» **Exercise objective**
Retype exactly what appears below from the line containing "Balcony Small Table" down to the line containing "SENSOR Time-Released Buoyant", keeping both end lines. Do not include pictures.
::: Information
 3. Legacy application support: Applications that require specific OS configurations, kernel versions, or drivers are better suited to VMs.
::::::
::: Information
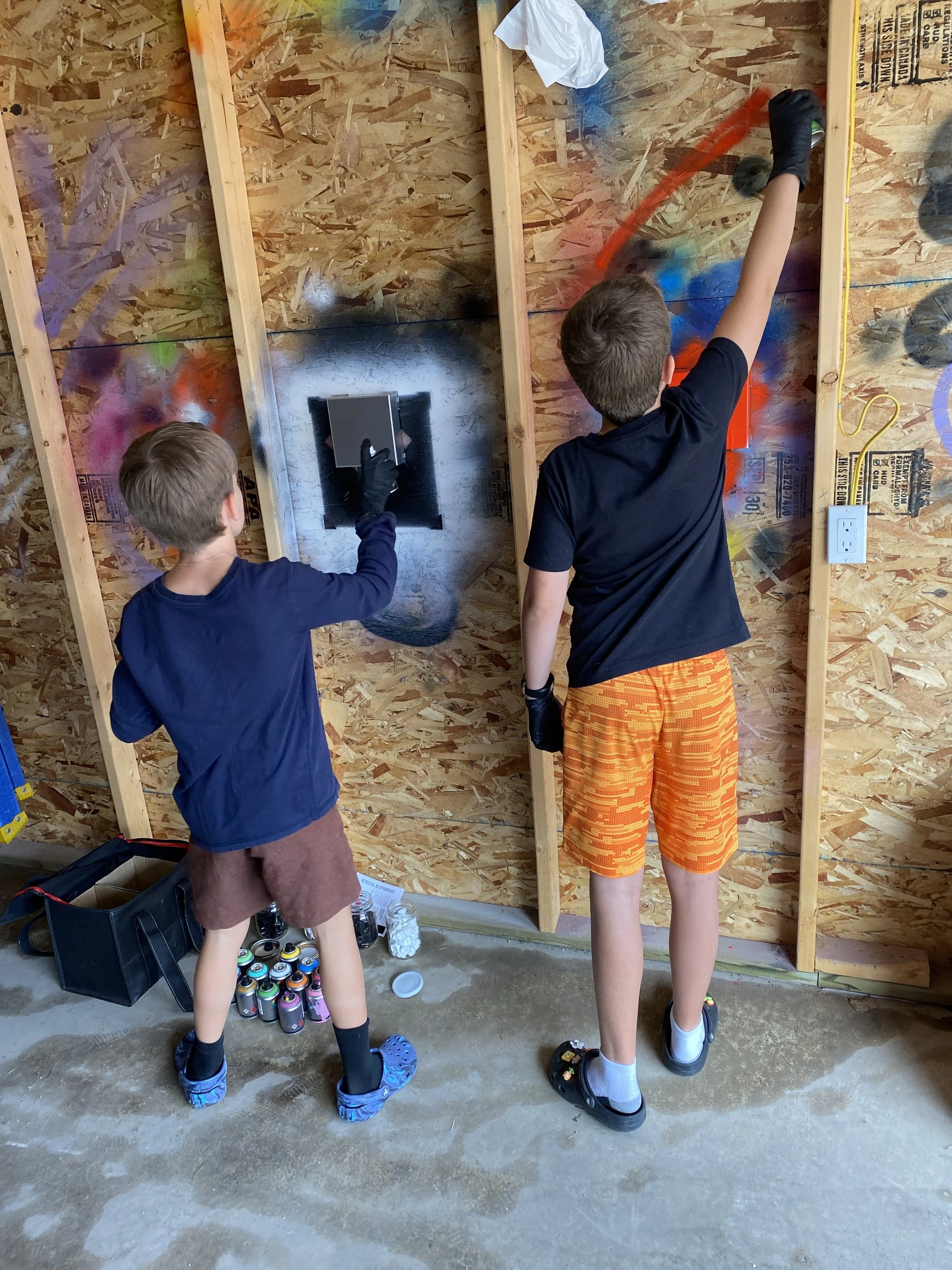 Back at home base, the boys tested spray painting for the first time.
::::::
::: Information
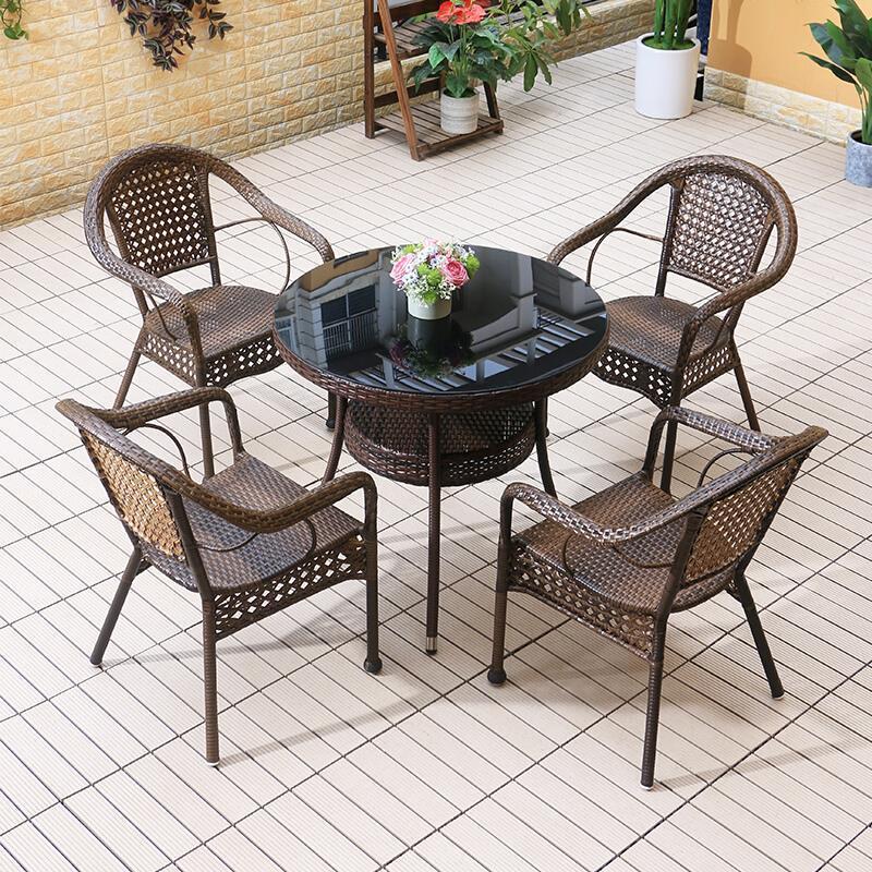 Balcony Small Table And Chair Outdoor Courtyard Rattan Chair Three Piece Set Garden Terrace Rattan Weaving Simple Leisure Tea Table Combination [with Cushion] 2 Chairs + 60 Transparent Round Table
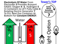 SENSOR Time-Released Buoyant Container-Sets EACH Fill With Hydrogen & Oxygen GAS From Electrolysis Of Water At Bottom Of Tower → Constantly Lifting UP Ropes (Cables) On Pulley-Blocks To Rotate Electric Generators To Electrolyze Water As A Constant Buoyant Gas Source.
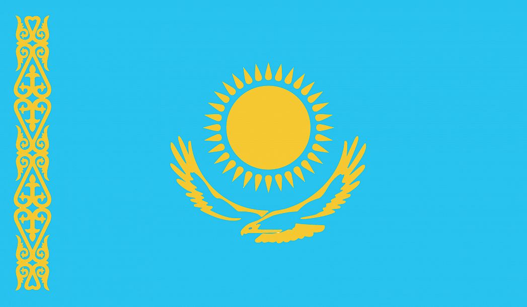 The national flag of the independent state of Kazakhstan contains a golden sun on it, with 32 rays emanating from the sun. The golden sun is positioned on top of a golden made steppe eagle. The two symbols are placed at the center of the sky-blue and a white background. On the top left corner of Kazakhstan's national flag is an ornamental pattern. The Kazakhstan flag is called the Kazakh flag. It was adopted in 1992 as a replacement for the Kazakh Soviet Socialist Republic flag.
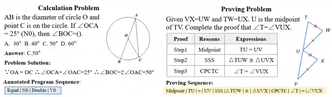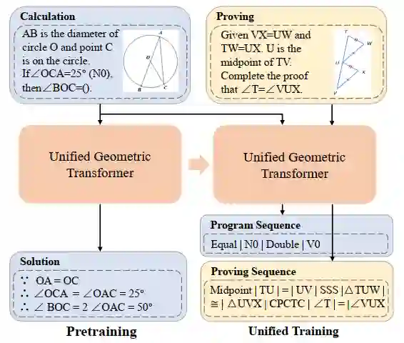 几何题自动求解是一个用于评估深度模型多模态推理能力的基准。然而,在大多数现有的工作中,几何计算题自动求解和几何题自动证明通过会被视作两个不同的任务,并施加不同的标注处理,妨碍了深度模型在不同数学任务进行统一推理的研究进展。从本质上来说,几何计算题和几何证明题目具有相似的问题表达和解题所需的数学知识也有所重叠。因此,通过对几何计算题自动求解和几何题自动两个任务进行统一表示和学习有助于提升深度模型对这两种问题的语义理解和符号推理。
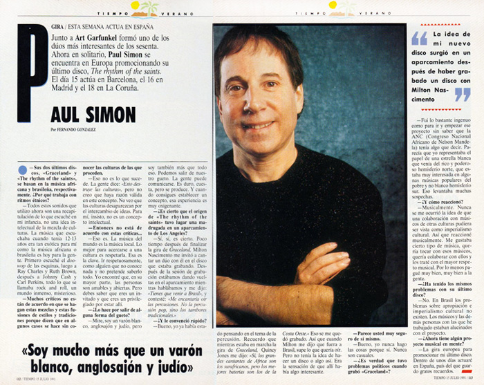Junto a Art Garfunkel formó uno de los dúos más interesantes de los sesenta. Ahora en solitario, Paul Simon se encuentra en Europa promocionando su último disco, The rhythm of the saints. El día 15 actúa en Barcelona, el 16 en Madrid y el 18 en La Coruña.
::::::
» **Output of the task**
 Balcony Small Table And Chair Outdoor Courtyard Rattan Chair Three Piece Set Garden Terrace Rattan Weaving Simple Leisure Tea Table Combination [with Cushion] 2 Chairs + 60 Transparent Round Table
 SENSOR Time-Released Buoyant Container-Sets EACH Fill With Hydrogen & Oxygen GAS From Electrolysis Of Water At Bottom Of Tower → Constantly Lifting UP Ropes (Cables) On Pulley-Blocks To Rotate Electric Generators To Electrolyze Water As A Constant Buoyant Gas Source.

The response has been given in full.